» AIM OF THE TASK: Leave out all pictures. Extract exactly the lines from the one containing "2025年末,公司总资产40" through the end of the data.

» DATA EXTRACT:
§
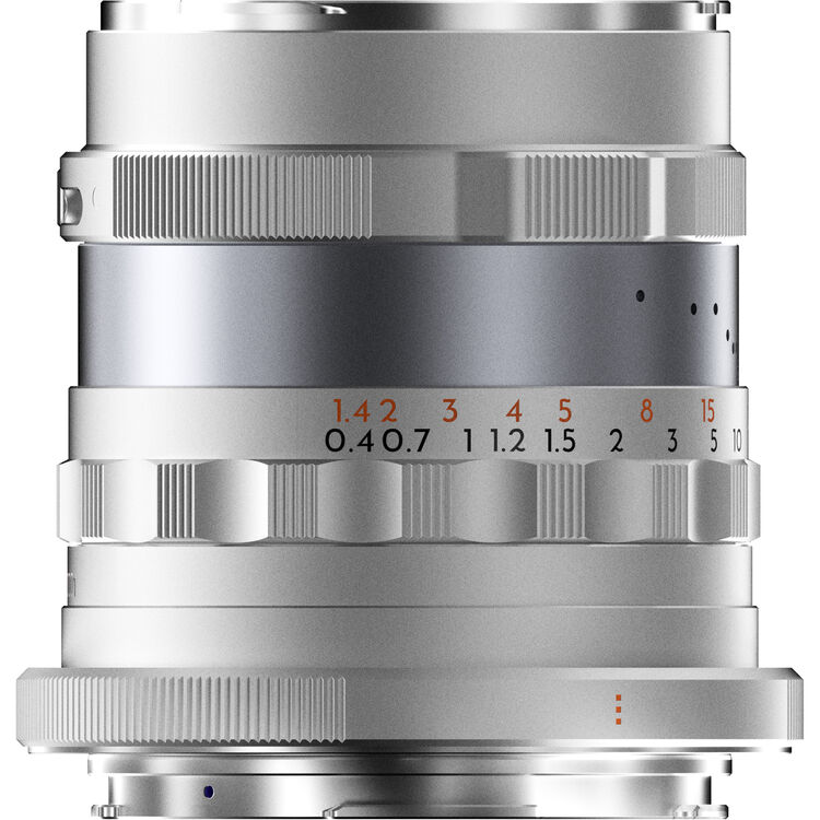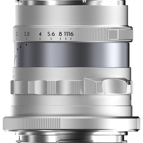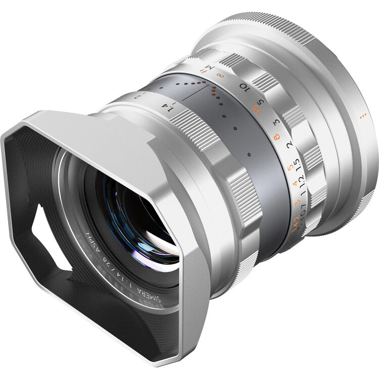 Designed in homage to the legendary Kern Macro-Switar lens for Alpa 35mm cameras, the silver Canon RF-mount Thypoch Simera 28mm f/1.4 Lens puts its bright, low-light friendly optics into a sleek aluminum housing for high-quality imagery in a wide range of shooting scenarios. Its large aperture also enhances depth of field effects like bokeh and subject-background separation. Featuring a declickable aperture ring and a grooved focus tab, the lens' manual focus design is both tactile and wieldy. The optical design features an extra-low dispersion element, two high-refractive index elements, and an aspherical element for clarity from the center to edge of the frame.
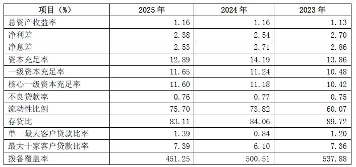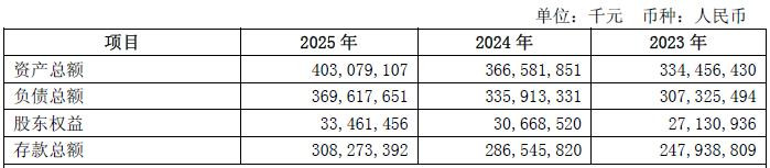 2025年末,公司总资产4030.79亿元,较年初增长9.96%;总存款3082.73亿元,较年初增长7.58%;总贷款2561.95亿元,较年初增长6.37%,其中,个人贷款占总贷款53.50%,单户授信1000万元及以下普惠型小微企业贷款余额1065亿元,贷款户数21.85万户,普惠小微特色鲜明。
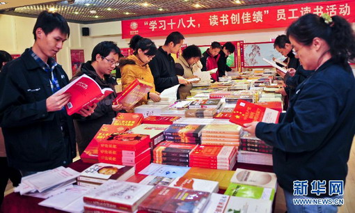 ????11月26日,國家電網天津城東供電分公司員工在企業活動室選購圖書。當日,國家電網天津城東供電分公司將新華書店請進企業,開展為期一周的“學習十八大讀書創佳績”員工讀書活動,讓電力員工不出單位便可及時便捷選購黨的十八大文件及最新學習輔導讀物。 新華社記者 張超群 攝
§
» COMPLETED TASK:
 2025年末,公司总资产4030.79亿元,较年初增长9.96%;总存款3082.73亿元,较年初增长7.58%;总贷款2561.95亿元,较年初增长6.37%,其中,个人贷款占总贷款53.50%,单户授信1000万元及以下普惠型小微企业贷款余额1065亿元,贷款户数21.85万户,普惠小微特色鲜明。
 ????11月26日,國家電網天津城東供電分公司員工在企業活動室選購圖書。當日,國家電網天津城東供電分公司將新華書店請進企業,開展為期一周的“學習十八大讀書創佳績”員工讀書活動,讓電力員工不出單位便可及時便捷選購黨的十八大文件及最新學習輔導讀物。 新華社記者 張超群 攝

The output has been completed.